-- Opening Marker --
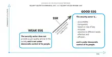A diagram of the relationship between security sector reform and governance relative to time and quality
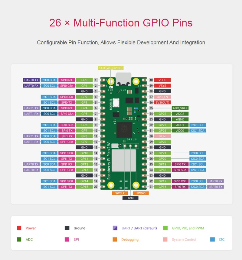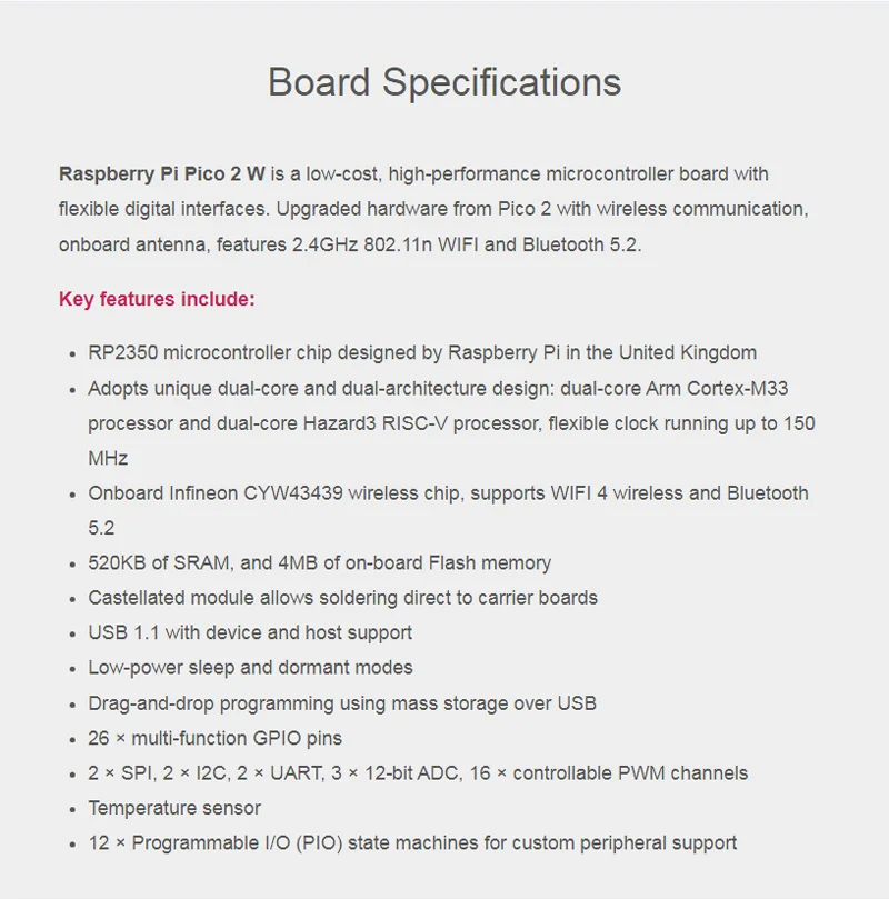 Para Raspberry Pi Pico 2 RP2350 Pico2 Pi Pico 2W opcional ARM Cortex-M33 y procesador Hazard3 RISC-V 150MHz
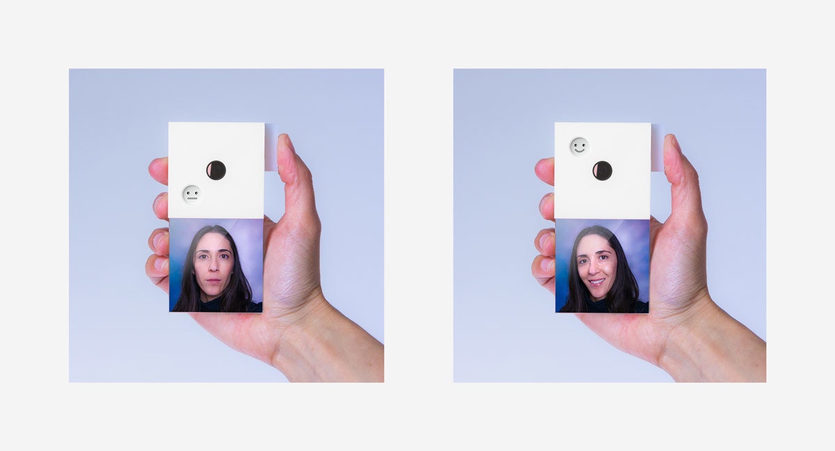To help Brainchild differentiate between the two picture sets you simply twist the front plate, switching between two learning modes. The serious smiley means every picture you take will teach Brainchild how you look “normally”. Switching to the happy smiley means every picture you take will teach it what it looks like when you look your best. This is how you get to know each other.
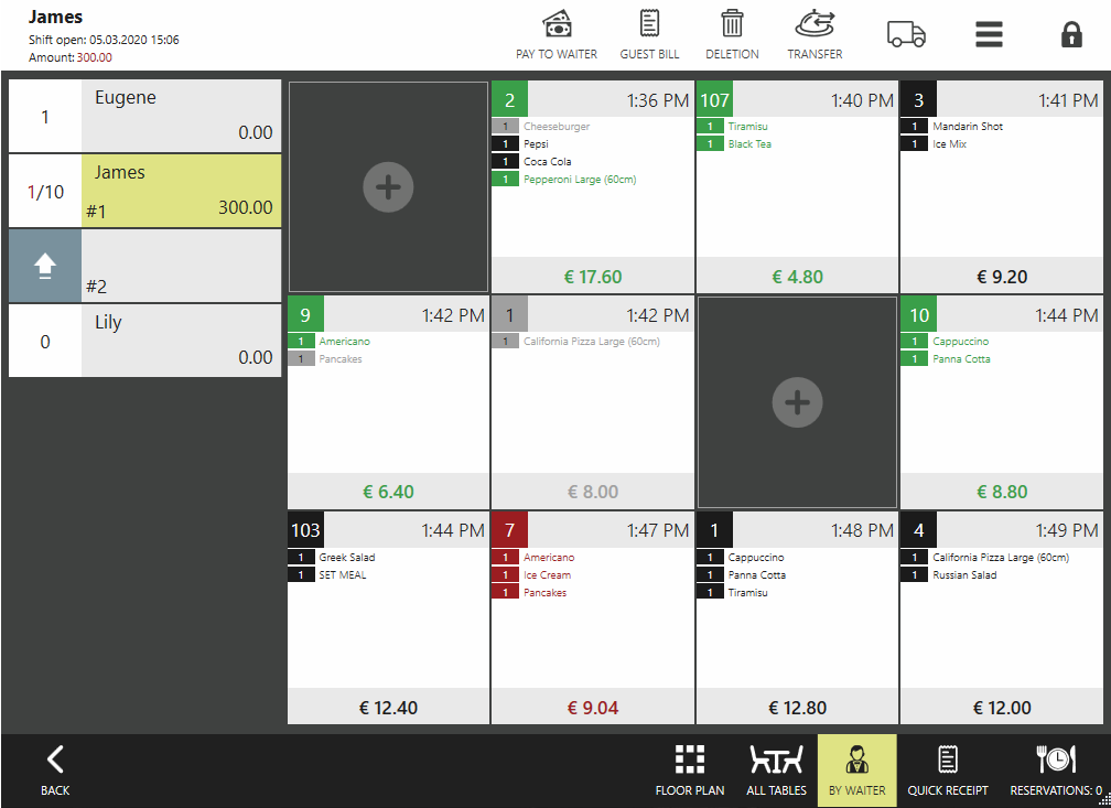 Jeśli kelner ma więcej niż 12 otwartych zamówień, a komórki nie mieszczą się na ekranie, system dodaje zakładki (#2, #3 itd.). Aby zobaczyć wszystkie zamówienia kelnera, wybierz kelnera i stuknij ZAMÓWIENIA .
-- Closing Marker --
## AIM OF THE TASK
Copy each line of the listing exactly, skipping any picture.

## SOLUTION FOR THIS TASK
A diagram of the relationship between security sector reform and governance relative to time and quality
 Para Raspberry Pi Pico 2 RP2350 Pico2 Pi Pico 2W opcional ARM Cortex-M33 y procesador Hazard3 RISC-V 150MHz
To help Brainchild differentiate between the two picture sets you simply twist the front plate, switching between two learning modes. The serious smiley means every picture you take will teach Brainchild how you look “normally”. Switching to the happy smiley means every picture you take will teach it what it looks like when you look your best. This is how you get to know each other.
 Jeśli kelner ma więcej niż 12 otwartych zamówień, a komórki nie mieszczą się na ekranie, system dodaje zakładki (#2, #3 itd.). Aby zobaczyć wszystkie zamówienia kelnera, wybierz kelnera i stuknij ZAMÓWIENIA .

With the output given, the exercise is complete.